## What is required
Transcribe every entry that follows exactly, omitting all pictures.

## Records
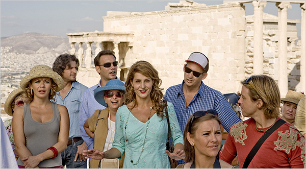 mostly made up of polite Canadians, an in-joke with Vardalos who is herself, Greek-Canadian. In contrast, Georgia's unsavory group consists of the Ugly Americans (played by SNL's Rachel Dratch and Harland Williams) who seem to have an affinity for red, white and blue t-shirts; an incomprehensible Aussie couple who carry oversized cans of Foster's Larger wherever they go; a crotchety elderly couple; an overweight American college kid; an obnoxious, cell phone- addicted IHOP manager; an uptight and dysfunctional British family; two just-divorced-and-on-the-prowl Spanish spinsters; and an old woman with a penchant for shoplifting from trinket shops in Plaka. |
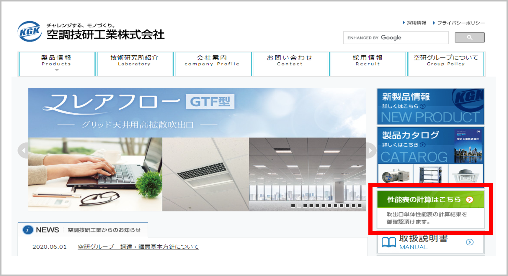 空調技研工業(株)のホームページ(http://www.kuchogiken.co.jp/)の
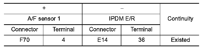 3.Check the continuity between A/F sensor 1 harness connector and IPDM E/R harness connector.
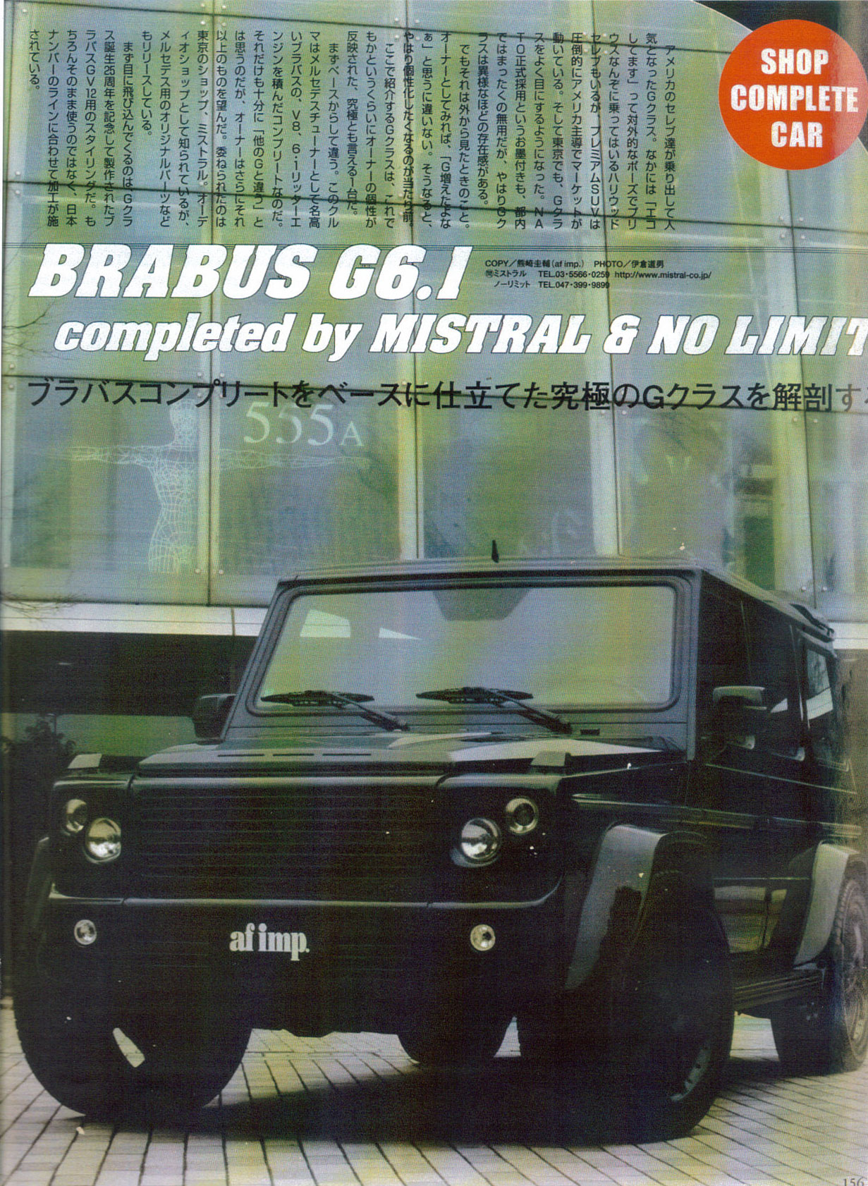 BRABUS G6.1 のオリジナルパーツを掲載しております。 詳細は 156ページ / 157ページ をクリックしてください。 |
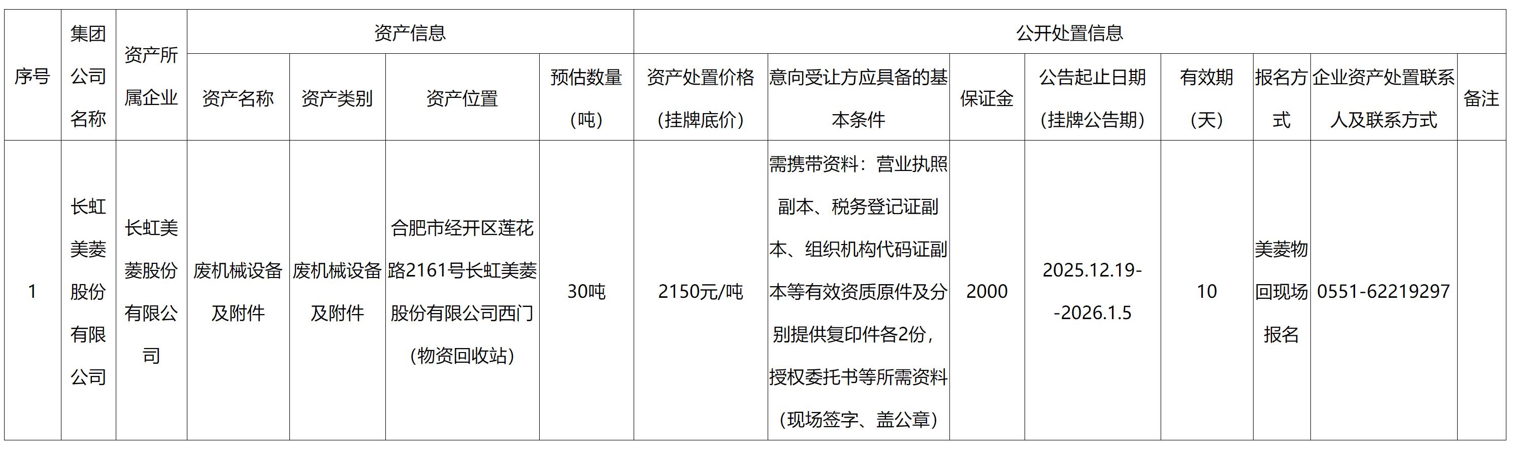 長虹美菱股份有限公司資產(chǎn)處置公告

## Solution to the problem
 mostly made up of polite Canadians, an in-joke with Vardalos who is herself, Greek-Canadian. In contrast, Georgia's unsavory group consists of the Ugly Americans (played by SNL's Rachel Dratch and Harland Williams) who seem to have an affinity for red, white and blue t-shirts; an incomprehensible Aussie couple who carry oversized cans of Foster's Larger wherever they go; a crotchety elderly couple; an overweight American college kid; an obnoxious, cell phone- addicted IHOP manager; an uptight and dysfunctional British family; two just-divorced-and-on-the-prowl Spanish spinsters; and an old woman with a penchant for shoplifting from trinket shops in Plaka. |
 空調技研工業(株)のホームページ(http://www.kuchogiken.co.jp/)の
 3.Check the continuity between A/F sensor 1 harness connector and IPDM E/R harness connector.
 BRABUS G6.1 のオリジナルパーツを掲載しております。 詳細は 156ページ / 157ページ をクリックしてください。 |
 長虹美菱股份有限公司資產(chǎn)處置公告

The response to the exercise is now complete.